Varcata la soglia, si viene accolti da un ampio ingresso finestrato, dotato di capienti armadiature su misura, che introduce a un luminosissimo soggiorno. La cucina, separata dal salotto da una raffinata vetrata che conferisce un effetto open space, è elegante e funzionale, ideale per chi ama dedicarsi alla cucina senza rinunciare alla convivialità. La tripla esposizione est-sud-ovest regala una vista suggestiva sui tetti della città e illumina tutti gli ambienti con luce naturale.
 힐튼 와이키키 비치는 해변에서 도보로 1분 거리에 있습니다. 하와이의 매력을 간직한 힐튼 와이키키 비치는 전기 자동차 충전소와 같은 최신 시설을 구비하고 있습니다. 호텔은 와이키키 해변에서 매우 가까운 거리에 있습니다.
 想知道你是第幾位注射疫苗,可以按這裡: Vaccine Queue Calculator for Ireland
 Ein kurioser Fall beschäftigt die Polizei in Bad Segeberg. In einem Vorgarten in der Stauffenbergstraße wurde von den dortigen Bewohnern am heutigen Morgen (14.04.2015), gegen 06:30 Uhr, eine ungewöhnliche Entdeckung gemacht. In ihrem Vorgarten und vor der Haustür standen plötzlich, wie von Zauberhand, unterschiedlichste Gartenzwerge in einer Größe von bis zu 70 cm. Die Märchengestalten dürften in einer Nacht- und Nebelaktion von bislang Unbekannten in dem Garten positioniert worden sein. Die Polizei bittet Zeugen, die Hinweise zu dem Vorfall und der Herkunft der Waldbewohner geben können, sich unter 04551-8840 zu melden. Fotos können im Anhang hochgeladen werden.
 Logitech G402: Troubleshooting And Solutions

▬▬▬▬▬▬

**Instructions for the task**
From the first record to the last, copy everything exactly.

**Expected output**
Varcata la soglia, si viene accolti da un ampio ingresso finestrato, dotato di capienti armadiature su misura, che introduce a un luminosissimo soggiorno. La cucina, separata dal salotto da una raffinata vetrata che conferisce un effetto open space, è elegante e funzionale, ideale per chi ama dedicarsi alla cucina senza rinunciare alla convivialità. La tripla esposizione est-sud-ovest regala una vista suggestiva sui tetti della città e illumina tutti gli ambienti con luce naturale.
 힐튼 와이키키 비치는 해변에서 도보로 1분 거리에 있습니다. 하와이의 매력을 간직한 힐튼 와이키키 비치는 전기 자동차 충전소와 같은 최신 시설을 구비하고 있습니다. 호텔은 와이키키 해변에서 매우 가까운 거리에 있습니다.
 想知道你是第幾位注射疫苗,可以按這裡: Vaccine Queue Calculator for Ireland
 Ein kurioser Fall beschäftigt die Polizei in Bad Segeberg. In einem Vorgarten in der Stauffenbergstraße wurde von den dortigen Bewohnern am heutigen Morgen (14.04.2015), gegen 06:30 Uhr, eine ungewöhnliche Entdeckung gemacht. In ihrem Vorgarten und vor der Haustür standen plötzlich, wie von Zauberhand, unterschiedlichste Gartenzwerge in einer Größe von bis zu 70 cm. Die Märchengestalten dürften in einer Nacht- und Nebelaktion von bislang Unbekannten in dem Garten positioniert worden sein. Die Polizei bittet Zeugen, die Hinweise zu dem Vorfall und der Herkunft der Waldbewohner geben können, sich unter 04551-8840 zu melden. Fotos können im Anhang hochgeladen werden.
 Logitech G402: Troubleshooting And Solutions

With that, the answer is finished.